» **DATA FOR THIS EXERCISE**:
◆ ◆ ◆ ◆

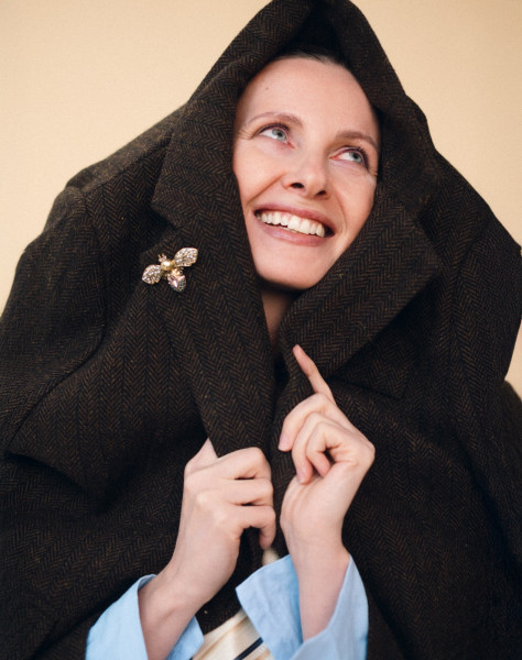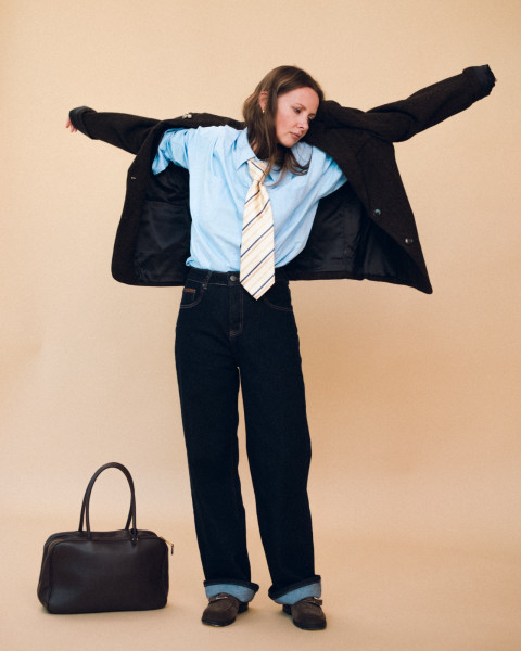 • Ткань: Высококачественный твид с выразительным плетением "елочка" (chevron/herringbone), который придает текстуру и глубину цвету. Материал плотный, хорошо держит форму и идеально подходит для прохладного времени года.
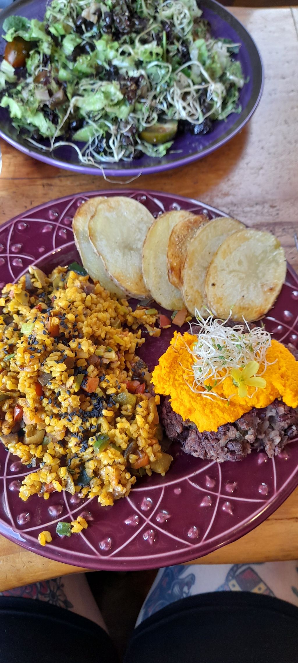 The burger comes with fried rosemary potatoes
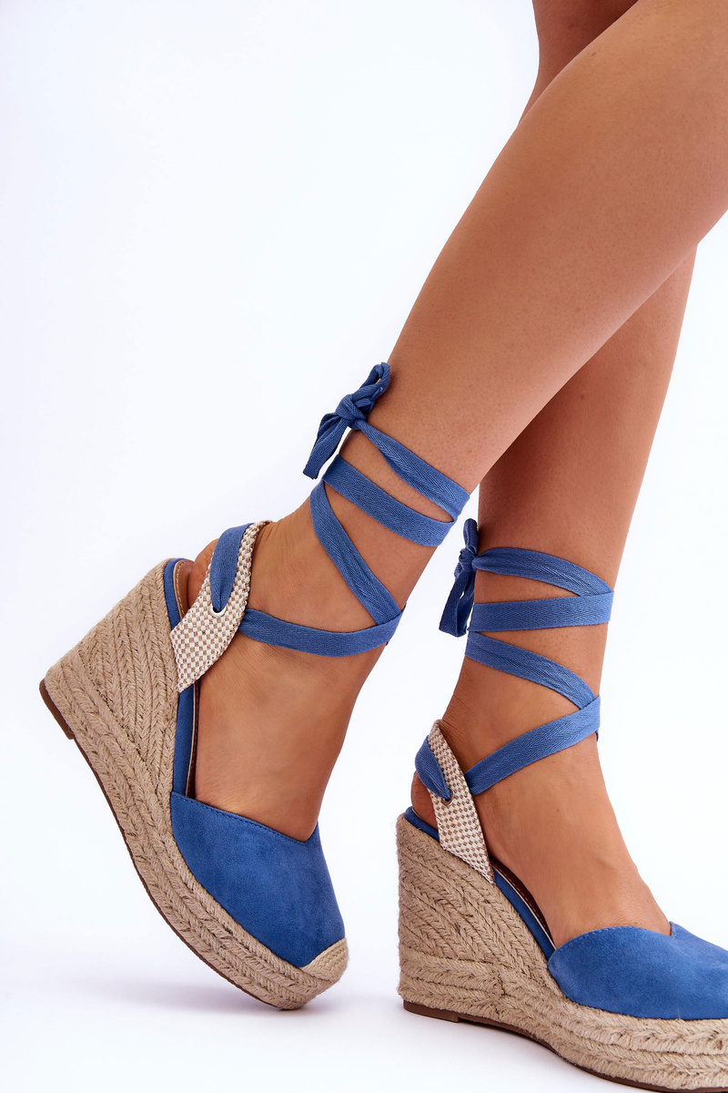 Босоніжки на високій танкетці синього кольору Lendy
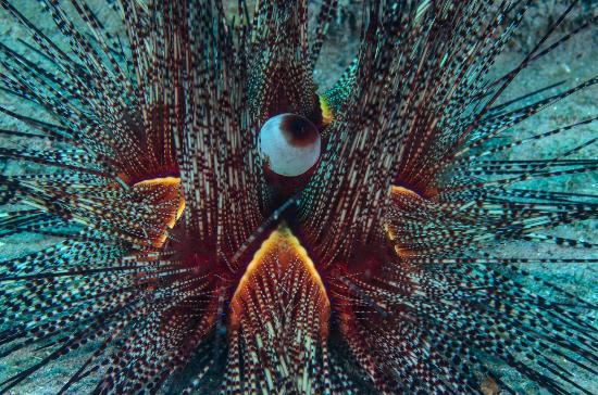 Côté plongée, c’est tout aussi spectaculaire, car la topographie extrême de l’île se retrouve sous l’eau. J’ai pu voir une très belle faune: requins, monnaies caraïbes, et un incroyable oursin magnifique (Astropyga magnifica), une bestiole que l’on trouve exclusivement dans les Caraïbes. En gros un oursin multicolore avec sur le dos une excroissance qui ressemble de façon très dérangeante à un oeil humain…
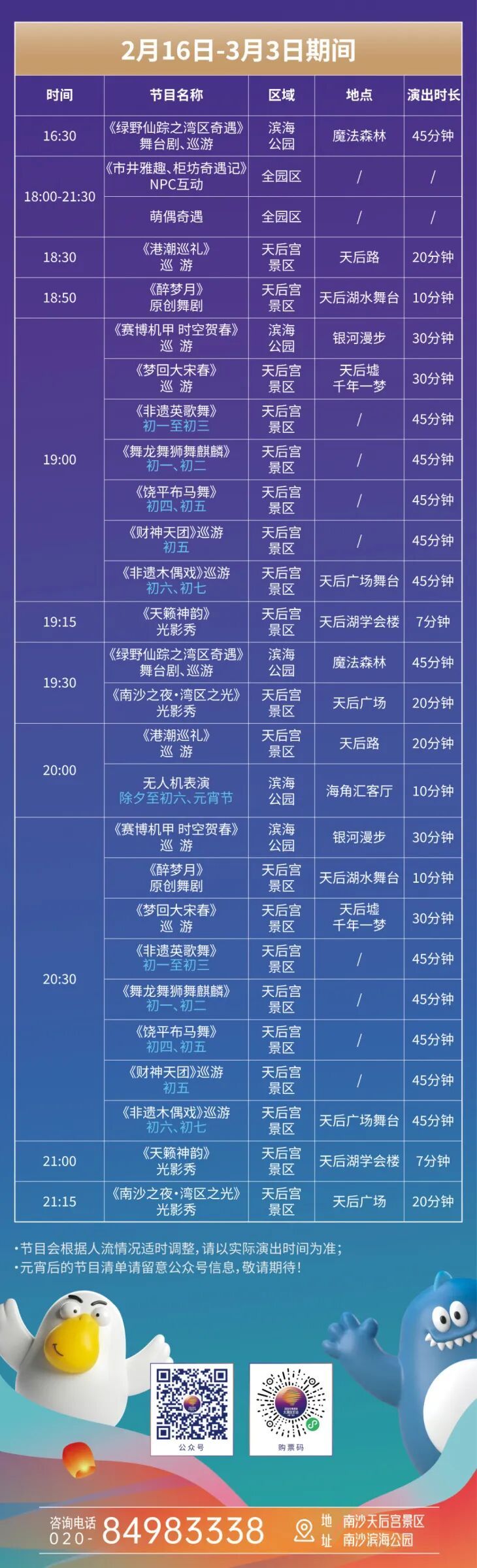 绝美灯光秀+无人机表演盛宴!来看看那些刷爆朋友圈的春节限时看点:即日起至5月10日《南沙之夜·湾区之光》灯光秀;即日起至2月22日、3月3日(除夕至初六、元宵节1000架次无人机表演;还有英歌舞、非遗木偶戏巡游、饶平布马舞等陪你过大年。
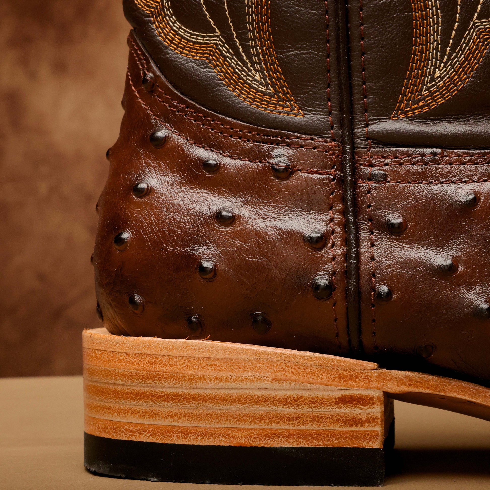 Chocolate Brown Ostrich Leather Boots - Square Toe
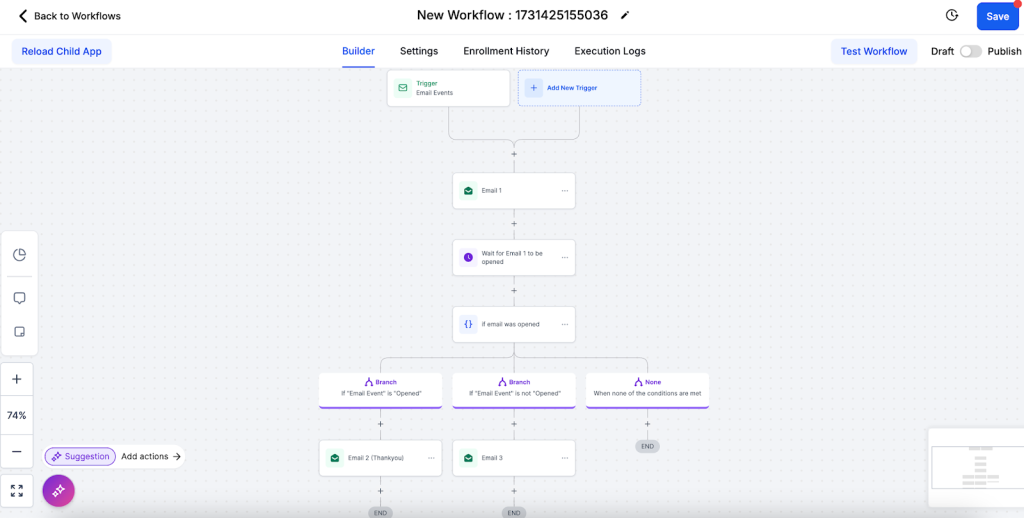 • Trigger: The workflow starts when a promotional email is sent.

◆ ◆ ◆ ◆

» **WORK TASK**: The answer must be the full listing above, copied exactly, with no pictures in it.

» **EXPECTED ANSWER**:
 • Ткань: Высококачественный твид с выразительным плетением "елочка" (chevron/herringbone), который придает текстуру и глубину цвету. Материал плотный, хорошо держит форму и идеально подходит для прохладного времени года.
 The burger comes with fried rosemary potatoes
 Босоніжки на високій танкетці синього кольору Lendy
 Côté plongée, c’est tout aussi spectaculaire, car la topographie extrême de l’île se retrouve sous l’eau. J’ai pu voir une très belle faune: requins, monnaies caraïbes, et un incroyable oursin magnifique (Astropyga magnifica), une bestiole que l’on trouve exclusivement dans les Caraïbes. En gros un oursin multicolore avec sur le dos une excroissance qui ressemble de façon très dérangeante à un oeil humain…
 绝美灯光秀+无人机表演盛宴!来看看那些刷爆朋友圈的春节限时看点:即日起至5月10日《南沙之夜·湾区之光》灯光秀;即日起至2月22日、3月3日(除夕至初六、元宵节1000架次无人机表演;还有英歌舞、非遗木偶戏巡游、饶平布马舞等陪你过大年。
 Chocolate Brown Ostrich Leather Boots - Square Toe
 • Trigger: The workflow starts when a promotional email is sent.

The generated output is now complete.